Машинально я взялся за карман. Но лезть туда было незачем. Остановившись, я все вспомнил. И уставился глазами в лицо бабы Мани.

– Доставай, Марик. Кутить так кутить! Или что?.. Потерял разве?

– Не-ет, – с трудом выговорил я.

И из глаз моих потекли слезы. Я заплакал без рева, задавливая голос, отфыркивая судорогу.

– Ну что ты? Что ты? Родимый! Потерял, ну и ладно, – подвинувшись ко мне и обняв за плечи, принялась утешать меня баба Маня, приговаривая:

– Да бог с ним, с сухариком.

Оттого, что меня пожалели, я зашелся еще пуще.

– Баба! – впервые я обратился к ней, не употребляя имени. – Я съел его… Нечаянно.

Обманывать, хитрить, притворяться я еще не умел, а вот чувствовать за собой вину – оттого, что описался или воздух испортил – уже приходилось. (Через много-много лет, когда я учился в МГУ, я узнал от психологов, что характер человека складывается до двух лет, а личность – до пяти. Подтверждаю – сущая правда, и это не было для меня откровением).

– Съел? Ну и пусть. Что из того? К обеду нам подадут что-нибудь. Ой! Да погоди-ка…

Она достала из своего мешка сверток, что совсем еще недавно подала нам женщина. Это было интересным, и я успокоился. В свертке оказалась записка и еда, обычная для того времени еда: две картошины, помидорина и кусок хлеба (побольше ста граммов).

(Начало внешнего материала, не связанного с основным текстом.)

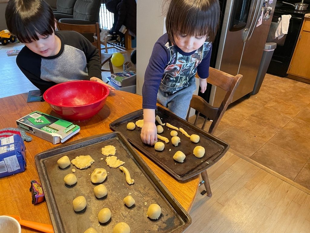 I couldn't persuade either kid to make balls of cookie dough. Kenny wanted snakes and Sasuke just did whatever came to mind.

– Марик, да мы с тобой богатеи!.. Видать, весь завтрак отдала нам девонька. А что в записке-то?..

В записке были вписаны фамилия и имя мужчины. Баба Маня начала что-то лепетать и причитать, закрывая глаза, потом повторила имя и фамилию мужчины, трижды перекрестилась и добавила:

– … Чтоб вернуться ему живым и невредимым. Сохрани его, Боже!

Много раз потом в своей жизни я вспоминал эту первую нашу милостыню. Ясно, что не только завтрак отдала нам женщина. И обед тоже. Она верила, что, помогая нам, она помогает своему любимому или просто дорогому человеку; что, страдая сама, она облегчает ему тяготы и раздвигает горизонт для возвращения домой.

Люди верят в мировую связь добра и пополняют ее, надеясь, что, идя от человека к человеку, она может достичь дорогого, любимого и помочь ему. Только так я могу истолковать сегодня поступок ее жертвенности. Возможно, что я говорю о ее чувствах картиннее, чем сказала бы она. Но я потому и говорю, что часть ее милостыни осталась во мне нетленной, незабываемой частью меня самого. И я передаю эту часть другим, может, и потомкам той женщины, с тою же целью – помочь, облегчить, спасти, вернуть, сохранить.

– Приятного аппетита! – услышал я мужской голос от колодца и, забывшись, уставился в его сторону.

Однорукий мужчина в гимнастерке, каковую я уже видывал на других, ловко орудовал вертушкой, то крутя ее, то подпирая плечом. Играючи он извлекал из колодца окольцованное обручем ведро и разливал воду в свои ведра поменьше. Сегодня я сравнил бы его действия с мастерством циркача – такими завораживающими они были.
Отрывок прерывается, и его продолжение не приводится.